Just a few more days of the Seattle International Film Festival and a ton of sizzling hot music shows to see now that June is here, but you should start “booking” (ha) some time for some very TIG-worthy readings and parties about books coming up. As a nervous and gluttonous reader of quality stuff, I heartily endorse all of the programs listed below, and hope that you can attend them:
Evergreen graduate Megan Kelso is one of the dazzling shards from the Pac NW underground comics explosion of the early 90s, best described as the first queen of twee comics, and has a new graphic novel out from Fantagraphics called Artichoke Tales. Since doing her self-published Girlhero back in the early 90s, she has done several books (Queen of the Black Black and The Squirrel Mother among them), and had her “Watergate Sue” weekly run in the New York Times Magazine. Artichoke Tales is about two families struggling in times of war and it will probably beat the holy tarnation out of your poor little heart. Her artwork is simple-dimple but elegantly evocative, every line precise with meaning, which sees all-of-us-every-last-one-of-us pain from oppression and abuse, transforming it into magical illustrated storytelling. The Fantagraphics Store will be hosting an exhibit and book launch for Artichoke Tales on Saturday, June 12, from 6 to 9 PM. It’s also the Second Saturday Art Attack in Georgetown and you won’t want to miss that!
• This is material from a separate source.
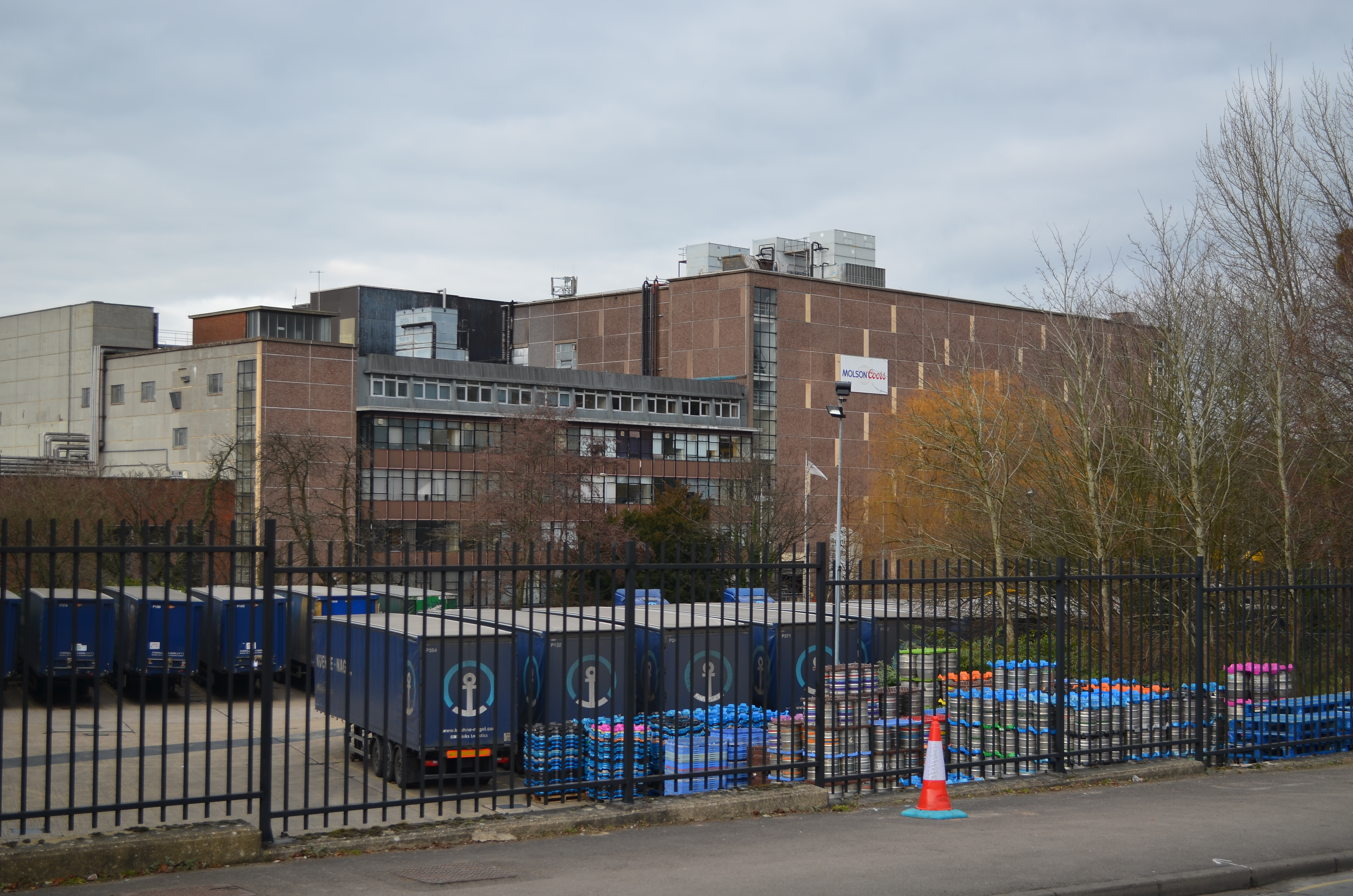 Molton Coors brewery, Alton, Hants

Hey, did you notice that howlingly great Stranger cover drawn by David Lasky a couple of weeks back, which satirically boiled all the plots of the SIFF movies down to one several panel strip? Well, Mr. Lasky has helped put together a humungous benefit for ZAPP, the esteemed and great time-killing zine library at the Hugo House, and Megan Kelso will also be there, along with Jim Woodring, whose Weathercraft we hyped a few days back. Thus, something called Grandma ZAPP’s Rolling Thunderheart Mountain Variety Show is coming up Tuesday, June 15 at the Hugo House, starting at 7 PM. $10 to benefit the zine library, one of the very best in the country, and other performers include insanely talented mini-comics duo Max Clotfelter and Kelly Froh (“Stewbrew”), Lucy Morehouse of “Ong Ong” zine, and musical performances by Helen Parson. (1634 11th Avenue on Capitol Hill.)
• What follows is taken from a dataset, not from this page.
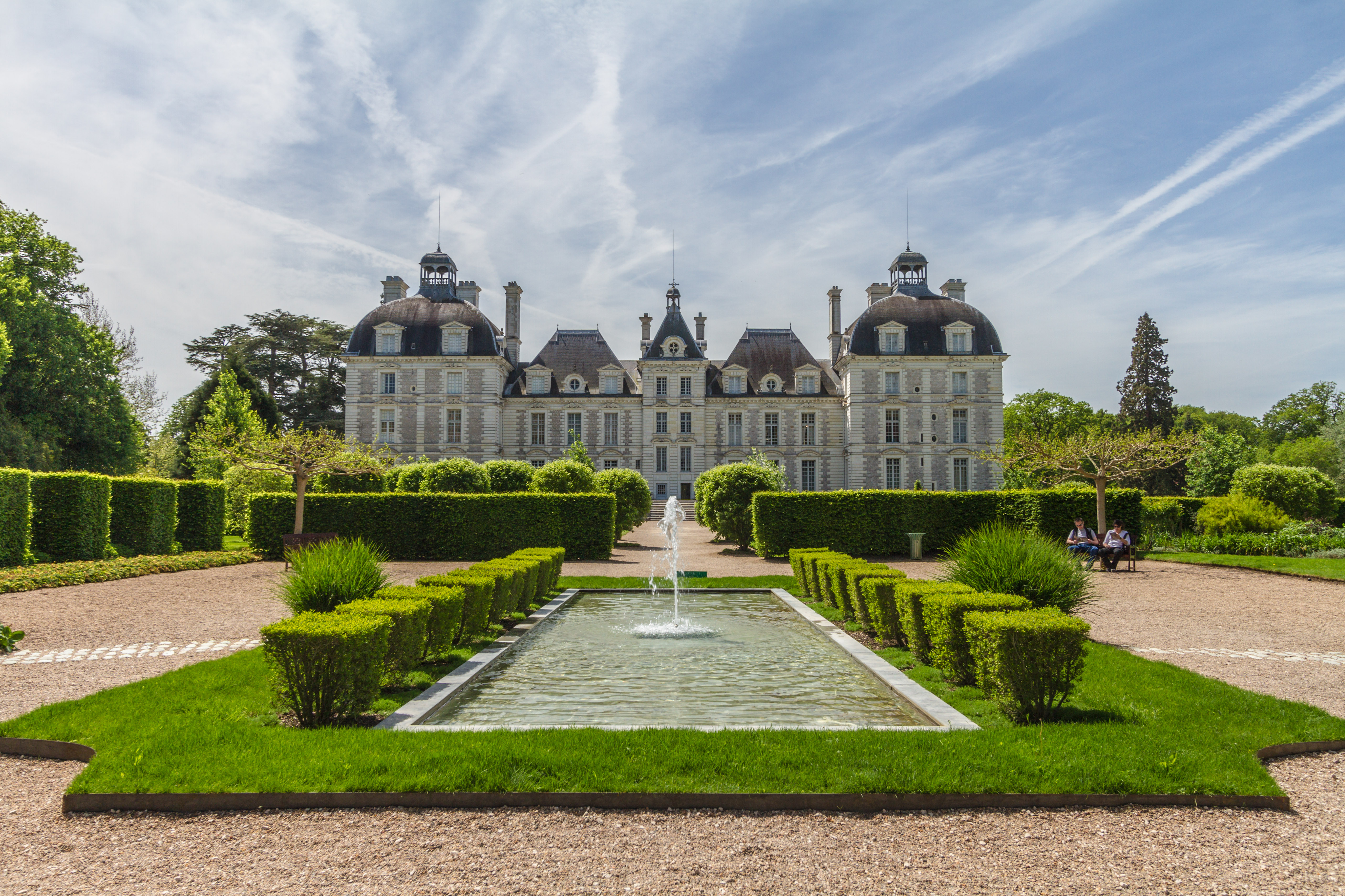 North façade of Cheverny castle, in Cheverny, Loire et Cher, France.

But what about the King? Elvis Presley, that is, and Seattle is home to one of the best authors who have ever written about him, Gillian G. Gaar, in the period true fans care about him the most (his black leathery sex god ’67 comeback special!!), in a handsome B&W history just out, with oodles of loving musical details, photos, and story, story, story. Return of the King: Elvis Presley’s Great Comeback (Jawbone) starts in the valley of Elvis bashing out flick after flick of crap (with the occasional Blue Hawaii giving us a “Can’t Help Falling In Love”) or a track like “Return to Sender” from Girls! Girls! Girls! But mostly, people thought Elvis was washed up in the mid-60s as he actually was by the late 70s. But as Gaar so masterfully tells the tale, an archetypal Southern saga of raw, raunchy, rock redemption and ascension from the ashes, Presley got his shit together for some recordings in front of some wetting-themselves like a Faulkner-scribed Mississippi gusher fans, of live versions of timeless soul-punk like “In The Ghetto,” “Suspicious Minds” and other city boy kisses country boy rockabilly razzle dazzle. It’s a story you shouldn’t miss, like the Beatles snarfing speed in Germany and bashing out a new form of beat music, or the Sex Pistols in Jon Savage’s England’s Dreaming. And if you do desire to own at least one book about the King in your collection, make it by one of Seattle’s best rock writers, long-time scribe Gillian G. Gaar, who will be reading from the Return of the King on Sunday, June 20, at 4 PM, at the new location for Elliott Bay Bookstore on Capitol Hill. Q&A and signing to follow! (Yay, Gillian, this one is as great as the Rough Guide to Nirvana, which I keep by my bedside! If you care about real rock write, you’ll be there with me.)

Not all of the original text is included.